WORK TO BE COMPLETED »
Check every line below for the word "Castle" and copy each one that has it.

EXTRACTED DATA »
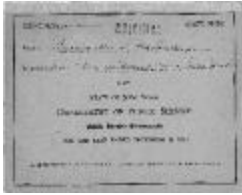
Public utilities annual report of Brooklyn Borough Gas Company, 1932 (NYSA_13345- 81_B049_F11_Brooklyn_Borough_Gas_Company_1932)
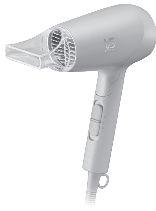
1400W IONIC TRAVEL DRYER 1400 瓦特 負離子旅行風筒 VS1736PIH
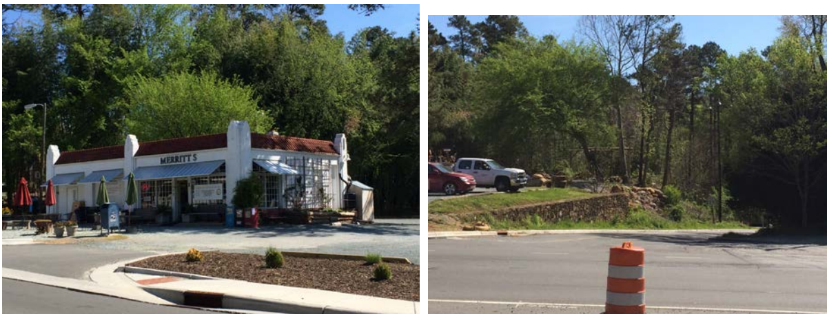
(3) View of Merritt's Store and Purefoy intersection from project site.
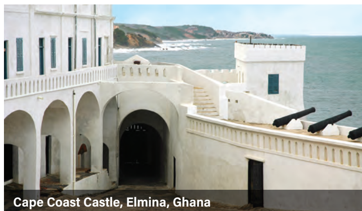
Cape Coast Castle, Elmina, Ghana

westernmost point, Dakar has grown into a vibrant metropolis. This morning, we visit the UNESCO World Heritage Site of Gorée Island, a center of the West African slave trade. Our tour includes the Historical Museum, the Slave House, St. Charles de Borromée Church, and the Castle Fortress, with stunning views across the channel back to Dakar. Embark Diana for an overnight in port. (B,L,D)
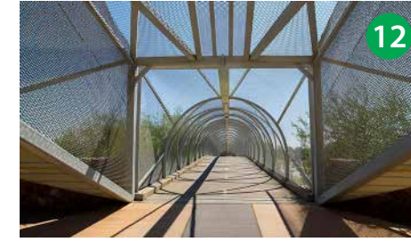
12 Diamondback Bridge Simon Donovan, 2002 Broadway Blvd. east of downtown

OUTPUT OF THE EXERCISE »
Cape Coast Castle, Elmina, Ghana
westernmost point, Dakar has grown into a vibrant metropolis. This morning, we visit the UNESCO World Heritage Site of Gorée Island, a center of the West African slave trade. Our tour includes the Historical Museum, the Slave House, St. Charles de Borromée Church, and the Castle Fortress, with stunning views across the channel back to Dakar. Embark Diana for an overnight in port. (B,L,D)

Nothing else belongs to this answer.